Immunofluorescent staining was performed on the total amount of tissue obtained in example 1, as follows:

1) fixing with 4% formaldehyde fixing solution overnight, washing with 0.5% triton-containing PBS solution for 3 times, each for 30 min;

2) blocking with blocking solution containing 10% BSA and 0.5% triton at room temperature for 2 hours;

3) washing with 0.5% triton-containing PBS for 30min for 3 times;

4) diluting anti-mouse HuC/D and anti-mouse F4/80 with 5% BSA and 0.5% triton in PBS at a dilution ratio of 1: 400, 4 degree refrigerator incubation primary antibody overnight.

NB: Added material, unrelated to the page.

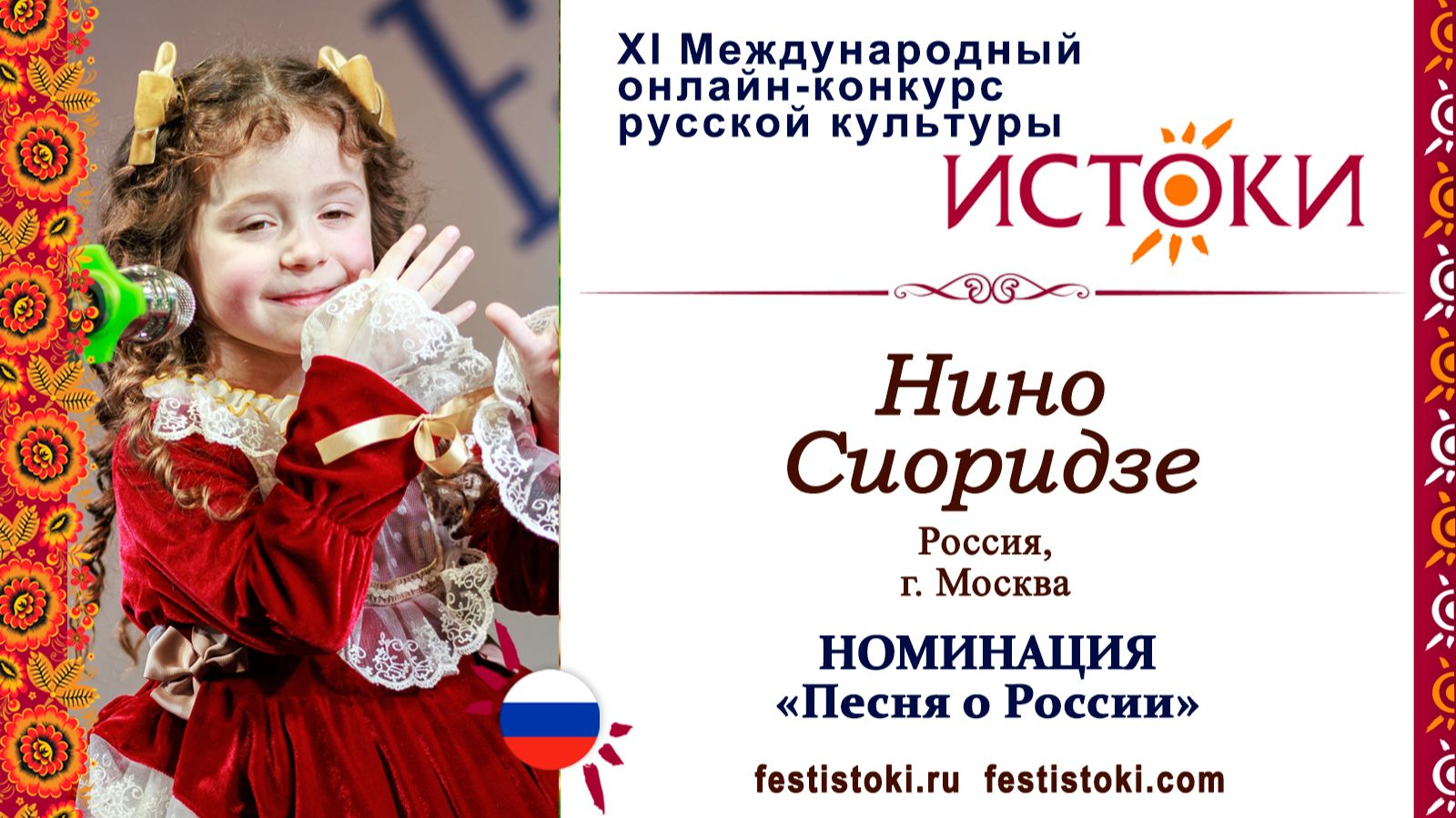 Участник ХI Международного онлайн-конкурса русской культуры "Истоки". Номинация "Песня о России". Песня "Пастушья песенка". Слова К. Алемасовой. Сайт: festistoki.ru / festistoki.com E-mail: festistoki@mail.ru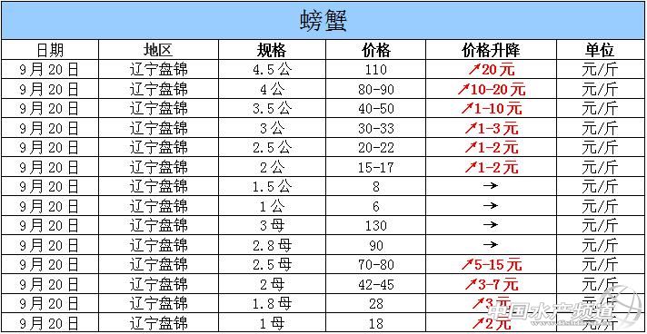 摘要: 2015年9月20日遼寧盤錦河蟹價格行情

5) Washing with 0.5% triton-containing PBS for 30min for 3 times;

6) the anti-goat secondary-488 and anti-rat-Cy 3 were diluted with PBS solution containing 2.5% BSA and 0.5% triton at a dilution ratio of 1: 300. incubate for 2 hours at room temperature in the dark.

7) Washing with 0.5% triton-containing PBS for 30min for 3 times;

8) incubating with DAPI, namely dye solution, at room temperature in dark for 20 min;

9) washing with 0.5% triton-containing PBS for 30min for 3 times;

taking out the tissue, spreading the tissue on a glass slide, enabling the muscle to be parallel to the plane of the glass slide, drying the water in the air, dripping the anti-quenching sealing tablet, and storing the sealing tablet in the dark.

The manufactured full-fluorescence dyeing tissue slices are subjected to confocal multilayer scanning and fusion, and the method comprises the following steps: the secondary antibodies used for staining were switched on with corresponding lasers including 488, DAPI and Cy 3. First, the tissue piece is observed through an ocular lens, the dyeing condition is checked, and the position and the layer surface of the neuron are coarsely focused under the 488 laser condition. When observed in a 10-fold mirror preview mode, the slice is finely adjusted to a slice with high density distribution of both neurons and macrophages, and the slice is taken as the center, 10um upward is set as the upper bound, 10um downward is set as the lower bound, scanning is performed once every 1um, images are fused after scanning, and the number of neurons and the number of macrophages are counted, and the result is shown in fig. 1 and fig. 2.

In conclusion, the invention has the advantages over the traditional section staining when the histological research on the cells with sparse distribution and large cell bodies is required for the tissues with small cross sections of animals, and has use value for the research on digestive tract enteric neurons, immune cells and the like.